The army, dressed in olive greens with guns slung over their shoulders,
advanced, grinning and offering trays of cookies and soft drinks!
Instead of growling “where are you going?” they cajoled us,
“take more, sir, take more.” I
pulled out my camera, still hesitant, but they posed happily for me
--guns, trays and all. Finally
it dawned on Kamal. “Oh,
it’s Vesak Poya” --the most important religious day of Buddhists.
This cookies-and-drinks spectacle, unfolding repeatedly at military
barricades along the way, perplexed us.
During Vesak Poya, many social organizations and well-off individuals set up colorful decorations and propped-up murals (Pandals) depicting religious stories, drawing thousands of people to the streets. Following the Buddhist tradition of free giving to accumulate good karma, many businesses and youth groups give away free food and beverages to the passers-by. The war-weary military of Batticaloa, mainly Sinhalese Buddhists, probably wanted to surprise the Hindu Tamils, the dominant ethnic group in the area, with this altruist tradition.
any other day, the military would have confiscated my camera and jailed me
for attempting to photograph security installations.

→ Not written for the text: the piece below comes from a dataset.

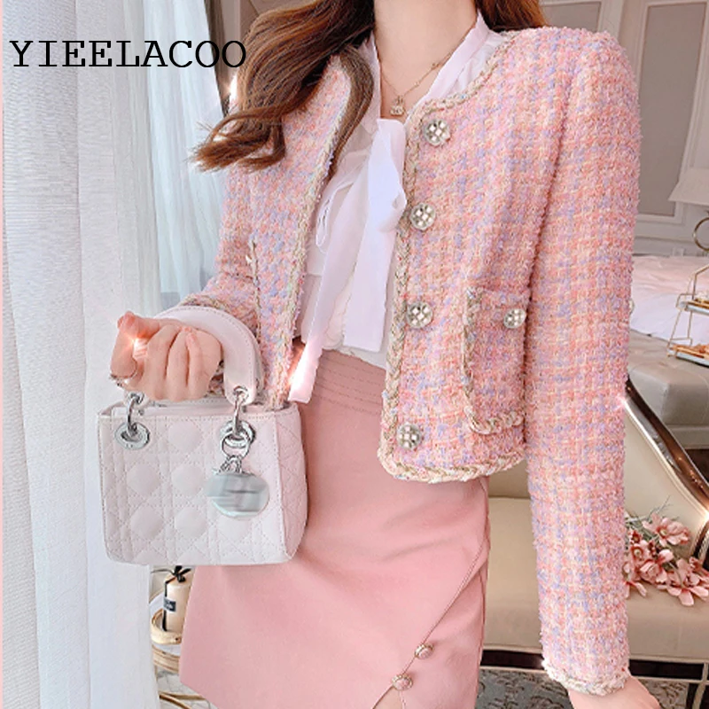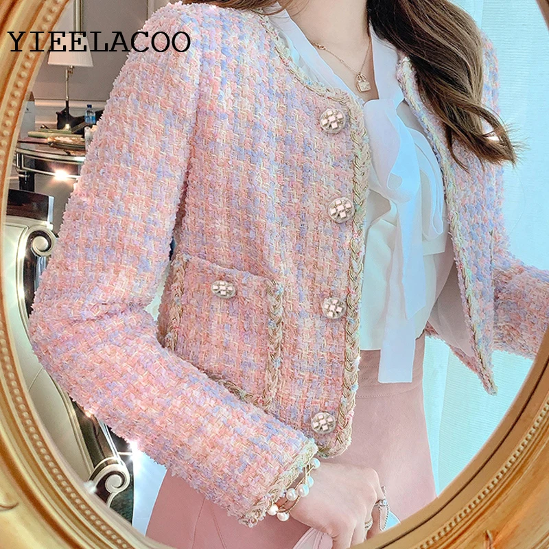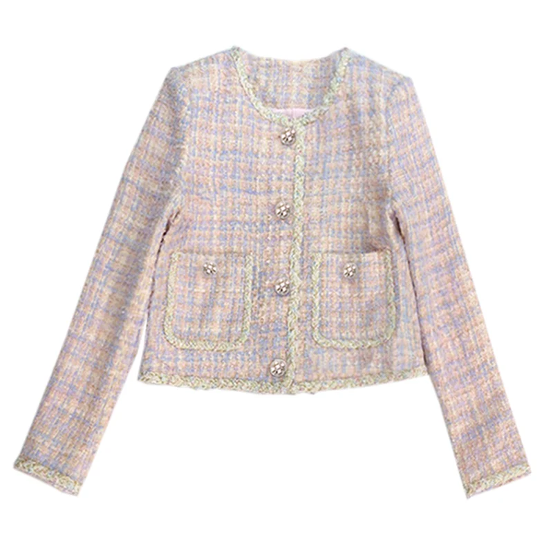 Женское твидовое пальто, универсальное короткое пальто, весна-осень 2020

A simple baggage search at check-points can turn into a major
hassle if the military officer cannot easily read identification papers,
or if he is merely having a bad day.
On the way to Ampara, I became exasperated at their efforts to make
me pull out every piece of clothing from my bags at the barricades, set up
mostly every 10 miles. My
slide projector contributed to the problem too, as I had wrapped it in a
blanket to cushion it from the jolts when the bus rocketed over huge holes
in the road. Noticing the
curious-looking gadget, the military wanted to check whatever else lay
hiding in my luggage.
Such whole-hearted generosity began to suffer as the ethnic conflict
escalated. Around then, some
peasant villagers in the central hills forced me and my colleagues to
march to the community center. Only
after establishing the identity of a mutual acquaintance would they boil
the rice and dust-off the makeshift beds.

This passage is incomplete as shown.